Grits are slightly higher in calories and carbohydrates, making them a good choice for the mornings when you need a quick energy boost from your breakfast. Oatmeal, on the other hand, has more protein and fat, so the energy you get from it arrives slower but is more stable and long-lasting. Oatmeal also has significantly more fiber, which can be helpful for people trying to lose weight or raise their fiber intake for health reasons.

There are, however, a lot of different store-bought grits and oatmeal varieties you can purchase nowadays, and not all of them will have the same nutritional profile. Sometimes, manufacturers will fortify the cereals with vitamins or protein to appeal to different customer bases.

Oatmeal naturally has more vitamins, but commercial grits can be fortified to be more nutritious

A big part of why oatmeal is more nutritionally complete in comparison to grits is that oats are richer in vitamins, particularly B1, B2, B3, B5, B6, and B9 (folate).
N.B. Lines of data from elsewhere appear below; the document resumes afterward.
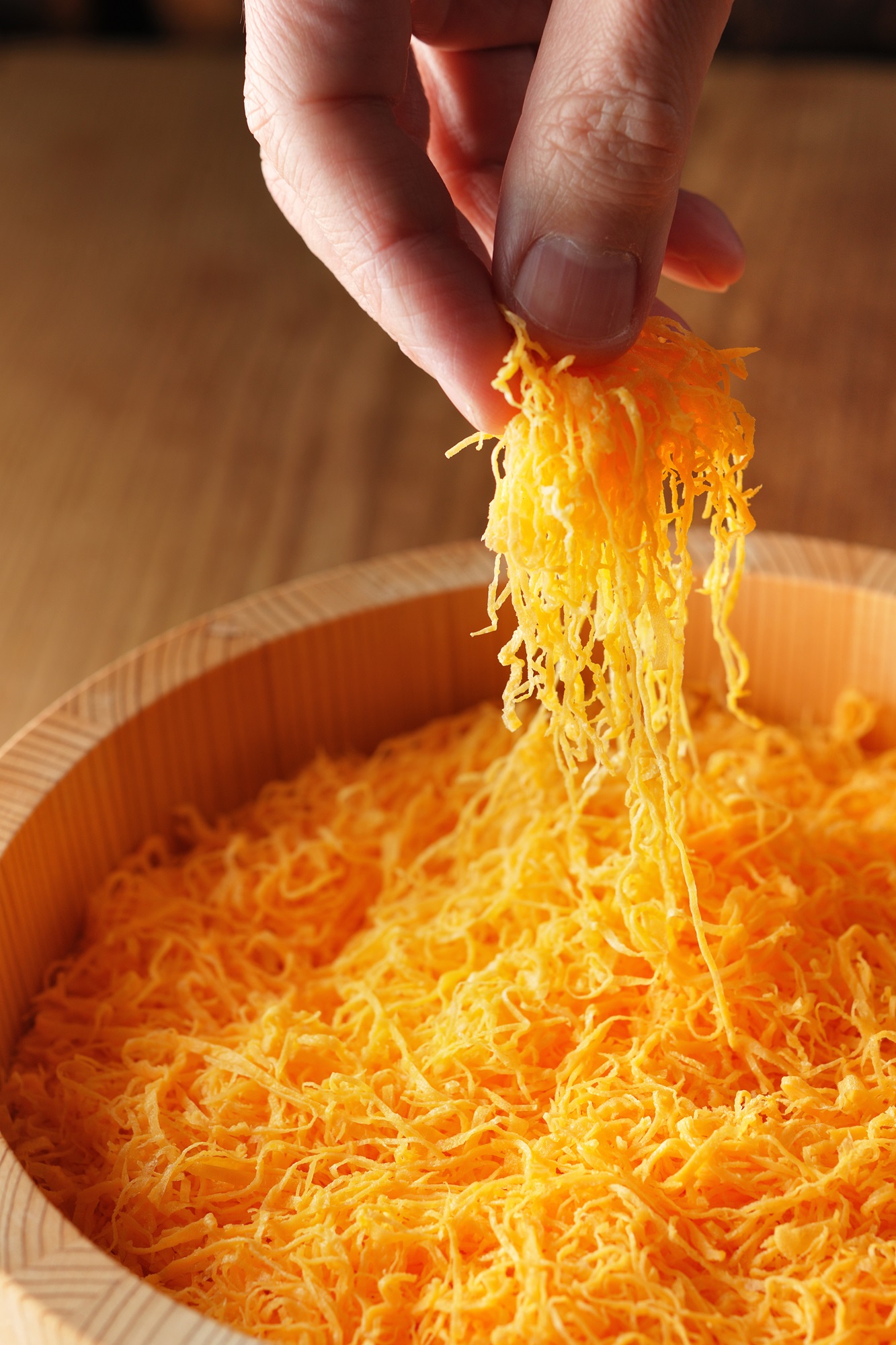 溶き卵は卵黄多めの配合に当代から変更。極細の錦糸玉子でも色が強い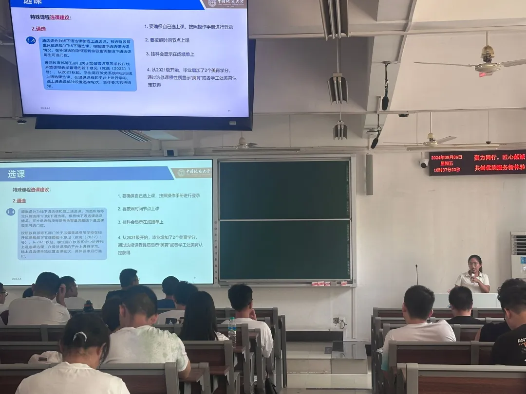 刘庆生老师发言结束后,beat365教学秘书马丽敏老师及大三遥感专业黄昊龙学长随即为同学们提供了关于选课指导和教学方案计划的详细解读。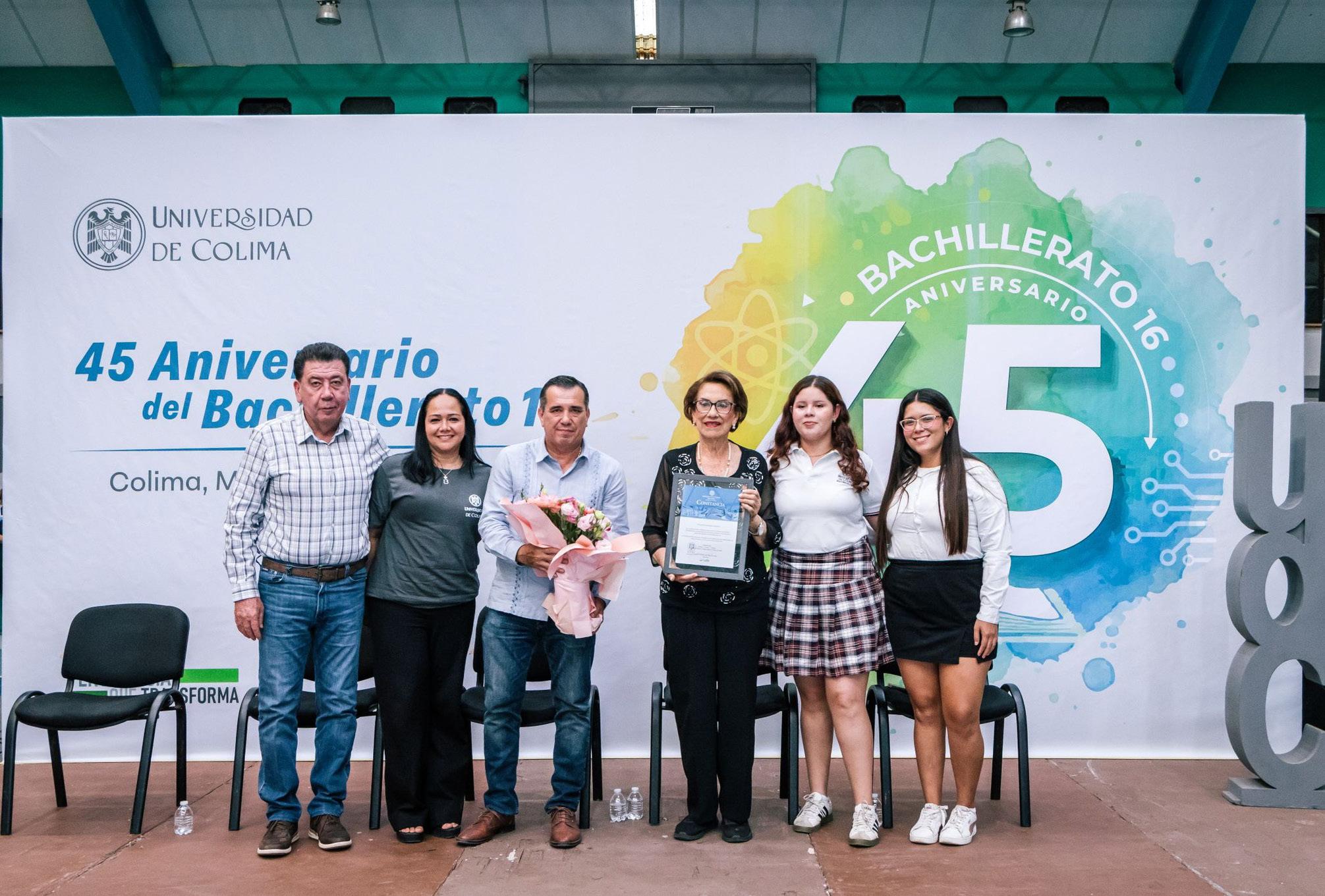 El Bachillerato 16 de la Universidad de Colima, Campus Villa de Álvarez, celebró su 45 Aniversario con una emotiva ceremonia en la que rindió homenaje a Ramona Carbajal Cárdenas, primera directora-fundadora del plantel, y reconoció la labor de los docentes y trabajadores con más de 25 años de servicio. También a egresados que ahora trabajan en esa escuela y quienes, por su antigüedad, han contribuido al fortalecimiento de esta institución educativa.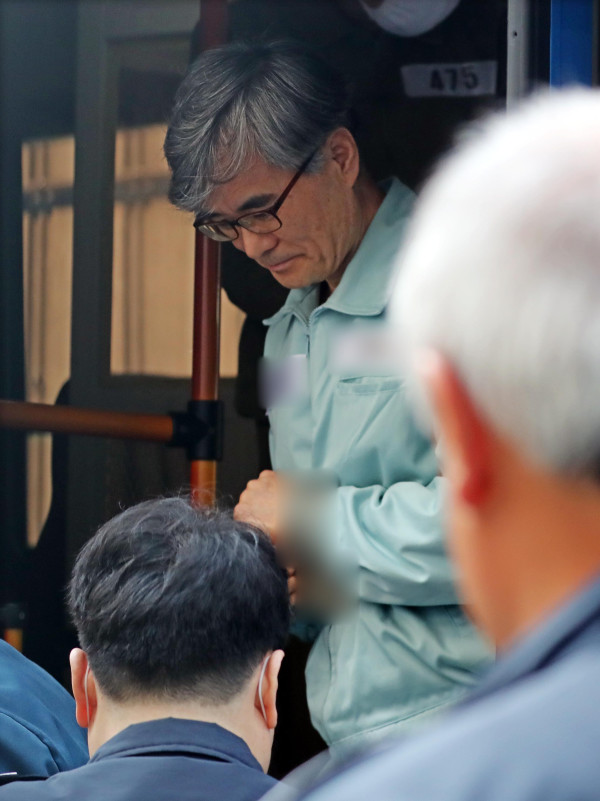 | ▲ 금융감독원의 민원처리 전문직 채용과정에 부당하게 관여한 혐의로 구속기소 된 이병삼(56) 전 금감원 부원장보가 25일 오전 서울 양천구 남부지방법원에서 1심 선고 재판에 출석하기 위해 호송차에서 내려 법정으로 향하고 있다.(사진제공=연합뉴스) | ||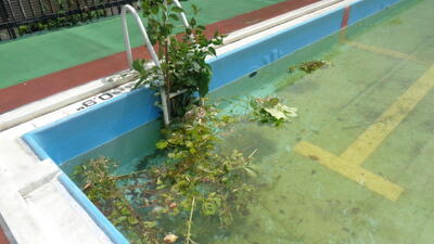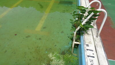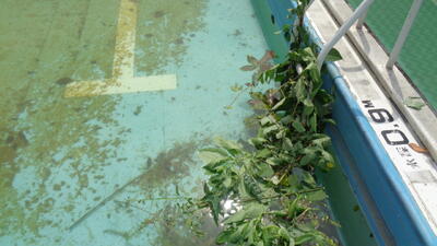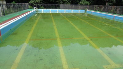 雨が降らずプールの水位が30cmメートル以上下がっています。決して排水栓の閉め忘れではありません。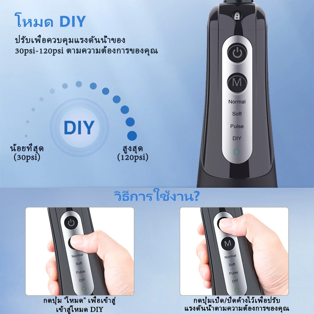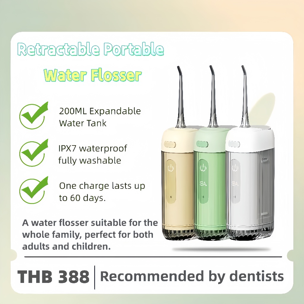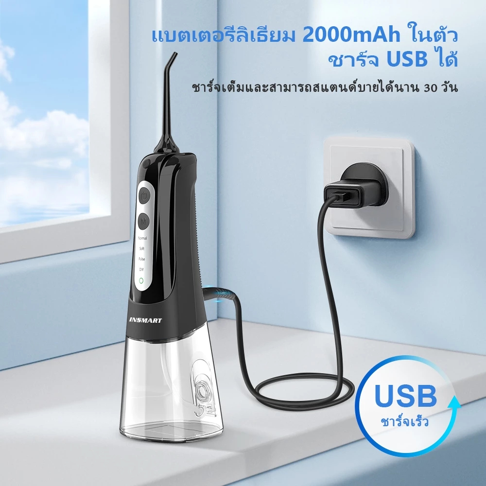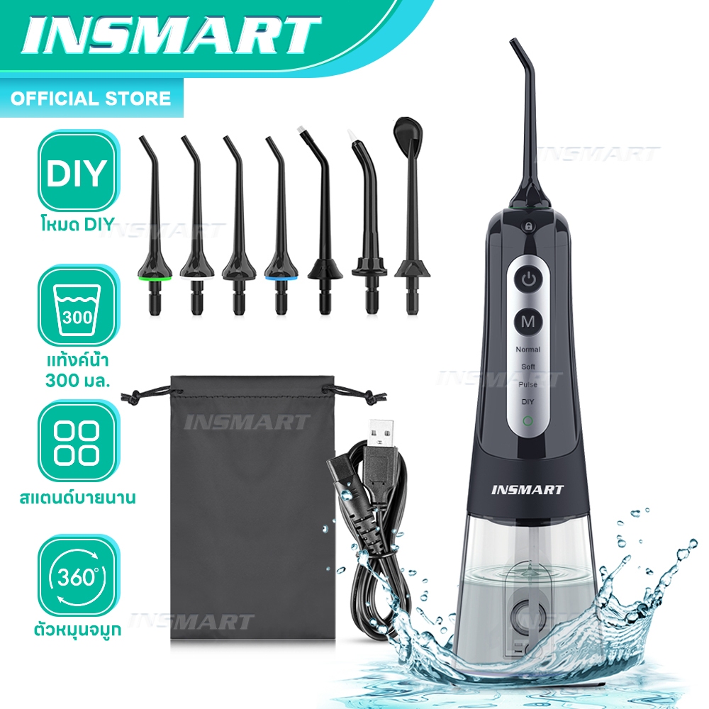 INSMART Water Flosser IPX7 กันน้ํา พกพาง่าย ถอดล้างสะอาด 7หัวฉีด 4โหมด ขจัดคราบพลัคตามซอกฟัน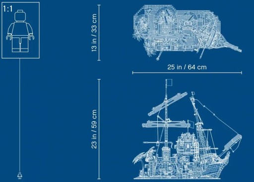- Model ma pomieszczenia z licznymi akcesoriami — kajutę kapitana, kuchnię, tawernę, sypialnię i celę. Wrak można przerobić na statek inspirowany modelem LEGO® Barakuda Czarnych Mórz Kapitana Rudobrodego z 1989 r.

These vitamins can only be supplied through one's diet and are essential for energy and metabolism. Oats also contain vital nutrients like manganese, phosphorous, and selenium, which are important for reducing inflammation, supporting bone health, and boosting immune function, respectively.

On their own, grits are less nutritionally dense than oats, but that doesn't mean they don't make a good meal. They're still a great source of carbohydrates and calories, and also provide iron as well as antioxidants to support eye health. Not to mention that grits are a fine neutral base to pair with many other foods that can provide any missing nutrients. Realistically speaking, very few people eat plain grits without any additions. For example, our old-fashioned shrimp and grits recipe has a whopping 23 grams of protein per serving.

You can also find fortified grits on store shelves that come with added nutrients, for those who do want more out of plain grits. Quaker Instant Grits Original contains four different B vitamins, and two grams of protein per serving. At the end of the day, the choice between oatmeal and grits is personal, fully depending on your individual nutritional needs. Luckily, there are plenty of delicious ways to elevate both.